From the room's dead-eyed stare, followed by its loud denunciation of my ideas, my parentage, and possibly my genetic material (for those members of the room that believed in that new-fangled "DNA" invention), you'd have thought I'd suggested replacing the national anthem with "Big Pimpin'." The rest of the meeting was pretty much derailed: petty revenge achieved! But the irony of it was that while I had argued sincerely, I wasn't really a jazz or hip-hop fan. I generally disliked the former, and never really listened to the latter. After I left the group, that kept bothering me. If I was serious about my argument, I thought, I really ought to put my money where my mouth was and do something about my near-total ignorance of hip-hop. A little bit later, I signed up for my first dance class at Joy of Motion in Bethesda.

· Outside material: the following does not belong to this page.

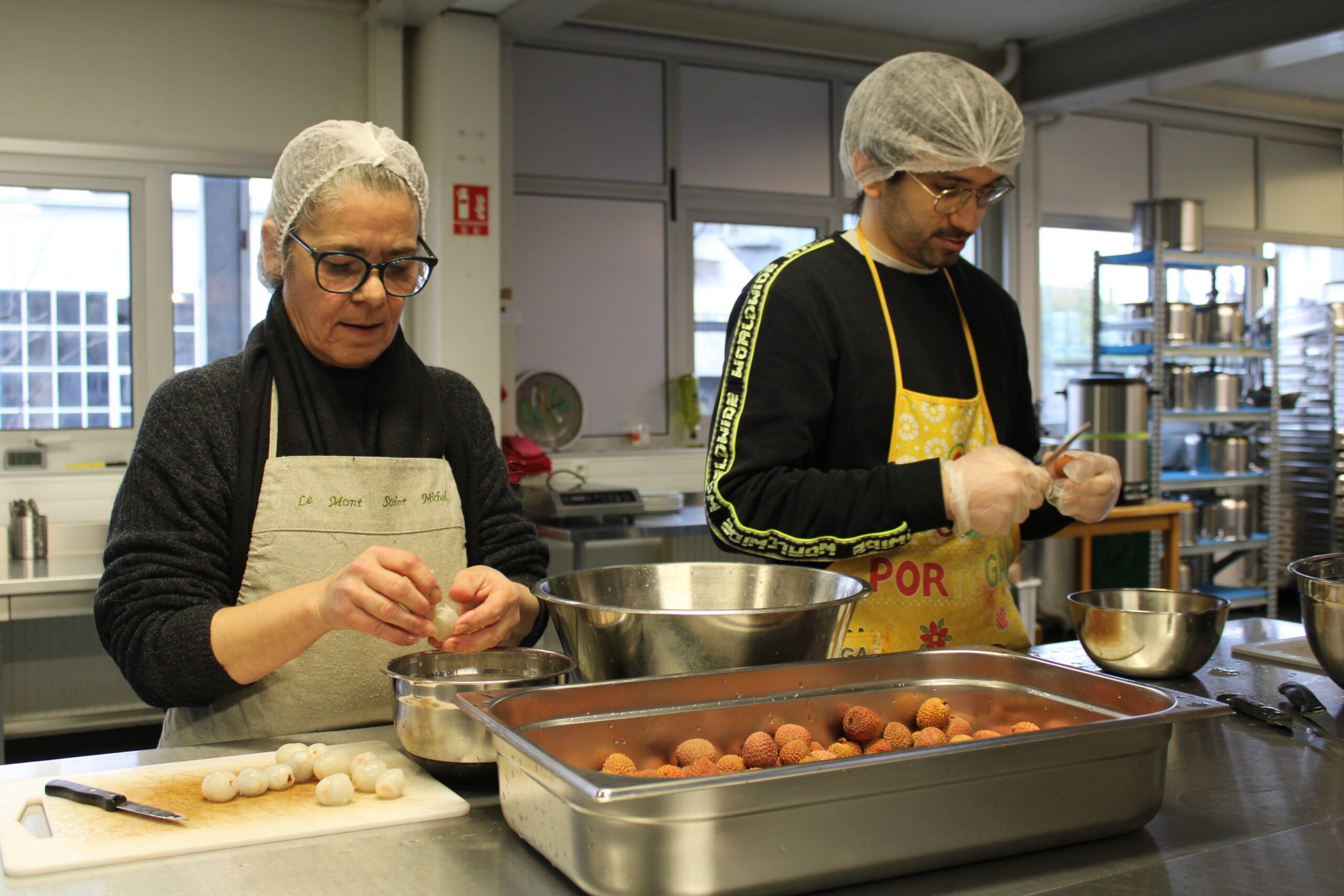 Lors de notre visite le 9 janvier dernier, les équipes de Bon et Rebond avaient pour mission de la matinée d’éplucher plusieurs kilos de litchis. ©CD78

I like telling this story for a couple of reasons. One is that I think it's genuinely amusing, and explains how a sedentary rock-and-roll type (read: suburban white boy) like me ended up dancing to hip-hop. But another is that it reminds me that there's no such thing as a bad motivation. I started b-boying because I needed to get more exercise, because I wanted to meet new people, and because it was part of a cultural tradition I wanted to learn more about. But yes, it was also partly out of spite. And that's okay.

Now granted, there are an awful lot of people out there who fuel their worldly interactions with spite, to no positive effect. You know these people: they're the ones who don't understand why certain words are off limits to their particular demographic, or who get upset when they need to press a button to continue an automated phone call in English. I've never really understood that, just as I don't understand people who, when they accidentally step on someone's feelings in a conversation, can't simply apologize and move on (seriously guys, it doesn't cost you anything to say you're sorry even if you're really not). Nobody would say that those are healthy expressions of conflict. Is it possible I've learned the wrong lesson?

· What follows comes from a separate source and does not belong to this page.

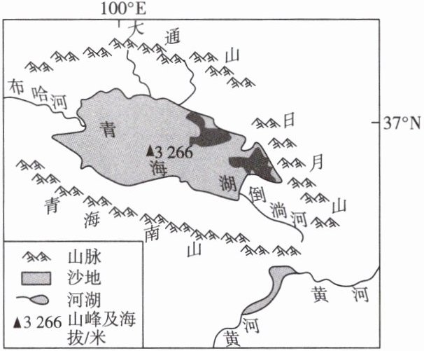 青海湖位于青藏高原东北部,湖面海拔3 196米。20万—200万年前,青海湖形成并与黄河水系相通。13万年前,由于自然环境的变化,青海湖演变为封闭湖泊。近年来,青海湖的水位不断上升。有人认为,500年后青海湖或有可能再次流入黄河,成为我国最大的淡水湖。读青海湖周边环境示意图,完成7~9题。

The difference, I hope, between those cases and my own comes from the target for that anger. Striking out at other people from spite? Not productive, not cool--and yet, something that many people (including myself) do all too often. What I aimed to do instead was to direct my energies toward myself, using them to kick-start my self-improvement. The resulting experiences with breakdancing have been almost entirely positive: I'm in better shape, I've made new friends and discovered new music, and it's a great conversation starter. I've got lots of reasons that I'm going to stick with it. And yet, none of this would have happened in the first place if I hadn't gotten annoyed at a group of cranky old hip-hop haters. It's like the old saying: living well (or dancing badly) is the best revenge.